On 13 Nov 1666, Willliam Sale witnessed a power of attorney granted by Henry Meese of Stafford County to John Weir of Rappahannock County. Rapp. Deed Book 3:190. Whether this is the same William Seale whose transportation (along with that of 19 other people) resulted in the grant of 1000 acres on the Potomac to John Wood on 14 Jan 1656/7 is not clear.
William "Saile" witnessed the will of Thomas Hawkins, of Sittingbourne Par., [Old] Rappahannock County, Virginia 8 Feb 1675. Rapp. Co. Will Book 2:55. In the will, Thomas Hawkins named his "brother" (probably brother in law, or perhaps step brother) Samuel Blomfield, of whom more later.
On 8 January 1679/80, Theophilus Whale deeded 400 acres on Hoskins Creek in what is now Essex County (then Rappahannock County)to William "Seale." This is almost certainly the same person who, two years later, received a conveyance of 93 acres on the south side of the Rappahannock from Thomas and Ellinor Parker. One William "Salle" had witnessed a power of attorney executed by Ellinor Parker in 1672.
I should note that Tappahannock, Virginia, where you can still furnish your house from the Sale Furniture Store, is on the south side of the Rappahannock, just above where Hoskins Creek enters the River.
On 4 Feb 1684/5 and 1 April 1685, Capt. Samuel Blomfield secured a default judgment against William Sale based on a bill dated 24 May 1682. I need to look at the original of this again as my notes from the entry for February 1684/5 say "admr," so should clarify who was adminstering what. If William had an administrator then the items noted above are evidently for a William Sale who had died by 1685.

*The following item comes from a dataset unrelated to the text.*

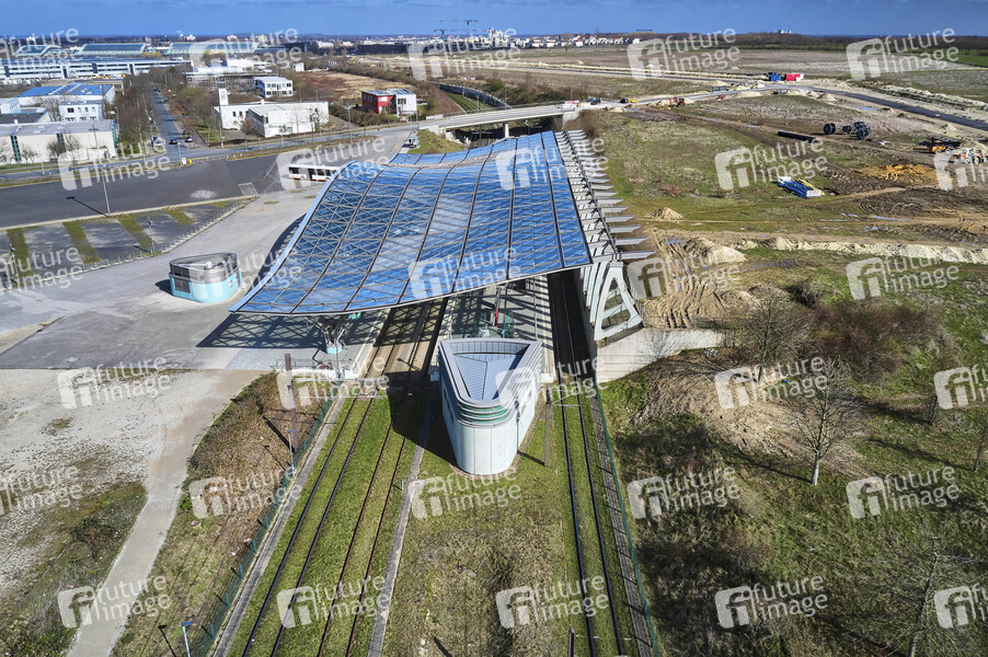 Luftbild, Expogelände, Expo-Park Hannover, Expo 2000, U-Bahn, üstra, GVH, Großraumverkehr, Haltestelle, Endhaltepunkt der Stadtbahn-Linie 6, Messe Hannover, Haltestelle Messe/Ost

Anyway, in April 1686, a live William Sale was awarded a cow and other items from the estate of James Gordon to compensate Sale for care given to Gordon in his final illness. (Order Book 1 p. 218)
Anyway, the point is that no one with the surname Sale / Sales / Seale / Seal / Sail / Sails was owning land in what is now Essex County, Virginia prior to 1704, though Anthony Seale / Sale patented a tract on Peumansend Run (now Caroline County) in 1693.
In 1704, the quitrent rolls for Essex County show a very large tract of land in the possession of "Widow Sales." In later years, this same land is attributed to Cornelius Sales / Sale / Sail. There is no other disposition of record the tracts which William Sale had bought in the prior century. From those facts, I conclude that William Sale died by 1704 leaving a widow who herself died not long afterward, and the entire estate descended under primogeniture (not abolished in Virginia until much later) to the oldest son, Cornelius Sale.
Whether the Anthony Sale / Seale who patented the Peumansend Run tract in 1693 and was involved in various lawsuits in Essex and Richmond County from 1695 through 1716 (and in King George County after its formation) was a son of the William Sale who died by 1704 may be debated, but it seems to me that the case that Corneliuls was William's son is quite strong.
Among other things, the fact that Cornelius named a son Anthony persuades me that Cornelius and the first Anthony were brothers, but others disagree. Some people can get hung up on spelling variations, but spelling was so casual a subject circa 1700 that my conclusions do not turn on an errant "e" here and there, or even the fact that the first Anthony and his progeny have tended to use the name Seale, whereas our crew has favored "Sale."
I have an ancestor whose last name was Thatcher until he married, but from then on all records refer to him with the name Hatcher. His brothers kept the Thatcher name. That's how it was.